All the wisdom of the ages can be distill into one suggestion: Be.
—Mother Star Stupendous Mermaid

Myla woke just after dawn. She got up and walked the wash alone. It was a damp and chilly morning. Dark clouds floated above the Rincons. A coyote walked across the wash. She stopped and looked at Myla. They stared at one another. Then the coyote continued on her way. Myla went back to the house and started breakfast. She sautéed onions and shitake mushrooms in olive oil.

As they sizzled she put on oatmeal. She sprinkled in a bit of cinnamon. Ernesto loved her oatmeal. She could not imagine why—probably had something to do with the almonds, cashews, bananas, and maple syrup he poured on it.

She cracked egg after egg into a bowl. Two eggs for each of them. She broke the yokes with a fork and whisked them. The metal tines hit the inside of the bowl as she stirred them faster and faster, turning gold into more gold. As she poured the eggs into the pan with the mushrooms and onions, she thought, “This is the last breakfast I’ll be making for the refugees at the Old Mermaid Sanctuary.” She liked to think that the migrants came to the sanctuary as refugees but left as pilgrims. It was such a difficult decision to leave one’s family and country—a desperate decision. How terrible then to be left in the desert to wander or die alone—or together with others as lost as you are.

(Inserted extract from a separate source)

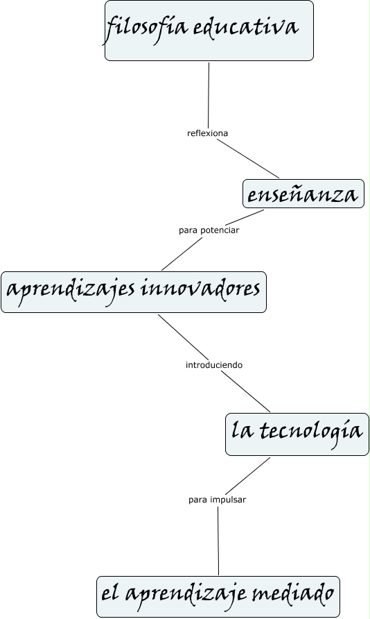 Este Cmap, tiene información relacionada con: lilian y carla-carla 2009, aprendizajes innovadores introduciendo la tecnología, filosofía educativa reflexiona enseñanza, enseñanza para potenciar aprendizajes innovadores, la tecnología para impulsar el aprendizaje mediado

Myla stared at the scrambled eggs as they began to set. She was glad she had dreamed of the Old Mermaids. It didn’t really matter if she had originally dreamed of the Old Mermaids because of the mermaid tile or because she had seen David painting the mermaid. It didn’t really matter if the Old Mermaids had been the voice of the Universe speaking to her. What mattered was that she had gone into the desert and helped people who needed it. In turn, they let her be a part of their families—their lives—for a time.

How could she ever have doubted the importance of that?